Fan-out means one task feeds into multiple tasks. Think: one starting point, many branches going out — like a hand with fingers!

Explain Like I'm 5

Imagine you're the chef and you've just made a big pot of tomato sauce. Now you can use it for pasta, pizza, and lasagna — all at the same time! One pot of sauce (Task A) feeds three different dishes (Tasks B, C, D). That's fan-out!

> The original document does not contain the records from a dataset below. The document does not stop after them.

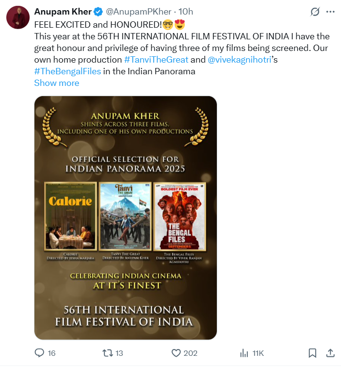 भारतीय पैनोरमा सेक्शन में हमारी अपनी होम प्रोडक्शन तन्वी दे ग्रेट, विवेक अग्निहोत्री की द बंगाल फाइल्स शामिल है और अंतर्राष्ट्रीय सेक्शन में मेरी एक खूबसूरत कनाडाई फिल्म कैलरी है।
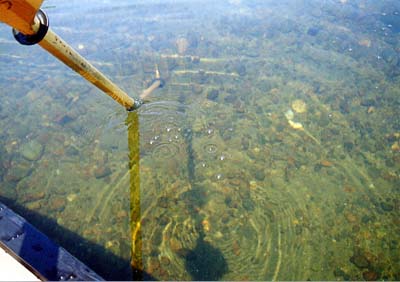 水深は推定1.5m。パドルの影までクッキリ見えます。
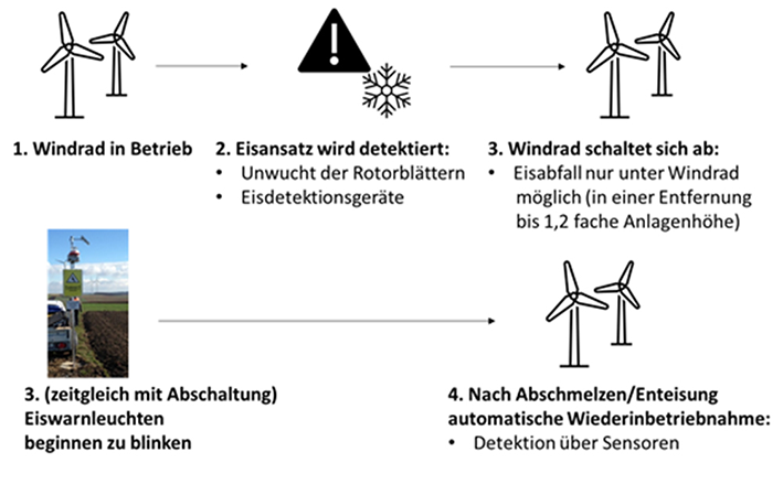 Moderne Windkraftanlagen sind mit Technologien ausgestattet, die das Risiko von Eisabfall minimieren:
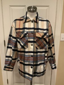 John Elliott graue Woll-Varsity-Bomberjacke mit Reißverschluss Saison acht, Größe Large
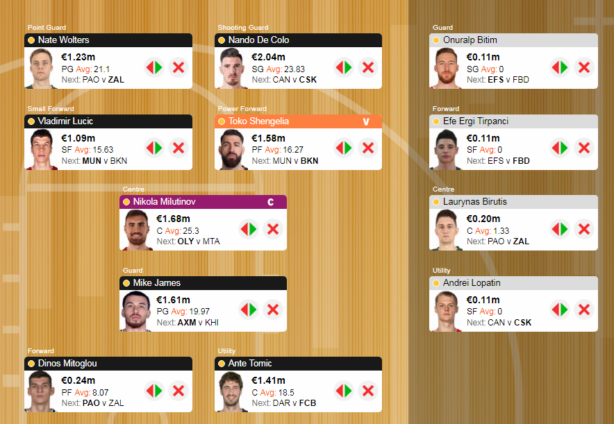 Ο Davies πάντως δεν αποτελεί και το μεγαλύτερο όνομα του Fantasy αυτή την στιγμή (αν και λόγω PF θα παίξει κομβικό ρόλο στο φετινό παιχνίδι). Αυτός είναι ο Shved, ο οποίος έχει ακόμα σχετικά προσιτή τιμή για τις δυνατότητες σκορ που προσφέρει και σίγουρα θα φτάσει ψηλότερα. Ο Ρώσος μπορεί να έρθει στη θέση του Καλάθη, η αλλαγή του Caloiaro με τον Kane να παραμείνει ως έχει και στην τρίτη αλλαγή να υπάρξει αντιστροφή της κίνησης που είχε πραγματοποιηθεί μια βδομάδα πριν. Gudaitis στη θέση του Black λοιπόν, σε μια αλλαγή που θυμίζει rotation (με τη Μιλάνο να υποδέχεται την Χίμκι και την Μακάμπι να δοκιμάζεται στο ΣΕΦ), αλλά έχει, μάλλον και πιο μακροπρόθεσμο ορίζοντα. Εδώ υπάρχει γενική ενίσχυση σε δύο θέσεις, έρχεται το μεγάλο όνομα, αλλά παραμένει και ο Μήτογλου. Όχι ότι δεν αποδίδει το παλικάρι, ίσα ίσα.
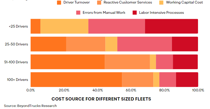 As carrier size increases, we find that the cost of poor processes and tools manifests itself increasingly in the form of driver turnover and customer losses. First, the driver turnover observation is consistent with the American Trucking Associations’ findings that the small fleets in 2021 saw about 70% annualized driver turnover whereas large fleets are closer to 90%. While certain parts of driver turnover are clearly structural or involuntary, any workflow, management process, or tool that aggravates voluntary driver turnover only by a small percentage will generate material costs for that fleet. Similarly, the materiality of key accounts with larger fleets generally is so big that even small servicer failures can cause a material hit to the business.
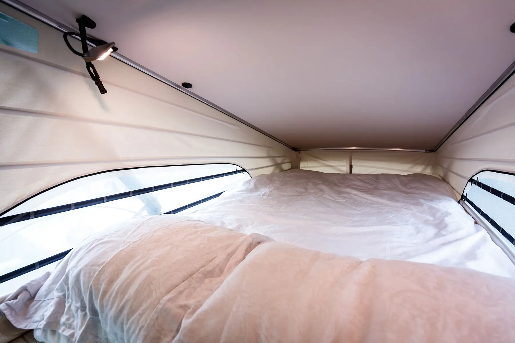 Mercedes Marco Polo je homologiran za 4 osebe med vožnjo in omogoča udobno spanje za 4 osebe (postelja v dvižni strehi + spodnja postelja). Idealen je za pare, manjše družine ali aktivne popotnike.
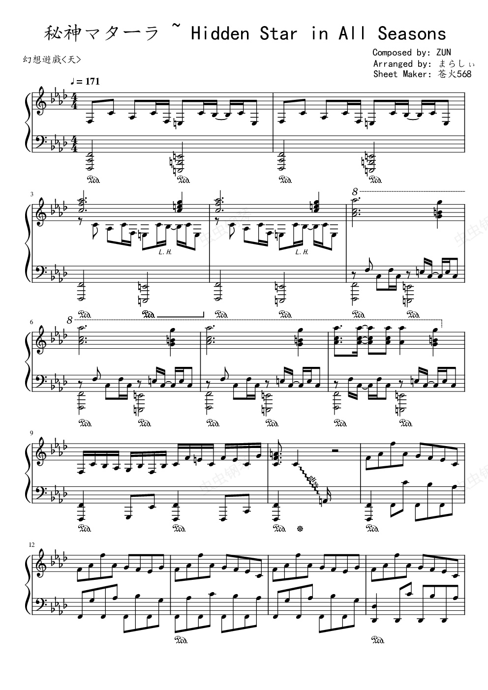 钢琴谱:【东方天空璋】【触手猴】秘神マターラ ~ Hidden Star in All Seasons

Syntax: A >> [B, C, D] means "A runs first, then B, C, and D can all run in parallel."

Fan-in Dependencies

Fan-in is the opposite: multiple tasks feed into one. Many branches converge into a single point.

The Highway Merge

Picture three highways merging into one. Cars from Highway B, C, and D all need to merge onto Highway E. The merge point (Task E) can only start once all incoming roads (B, C, D) have delivered their traffic. In Airflow: [B, C, D] >> E means E waits for B, C, and D to finish.

The Diamond Pattern

The diamond combines fan-out and fan-in: one task splits into many, then many merge back into one. It looks like a diamond (◇)!

Example: A >> [B, C] >> D

  • A runs first
  • B and C run in parallel (both depend on A)
  • D runs only after both B and C finish

Real-World Example

Fetch data (A) → Clean US data (B) and Clean EU data (C) in parallel → Merge and load (D). The diamond pattern is incredibly common in real ETL pipelines!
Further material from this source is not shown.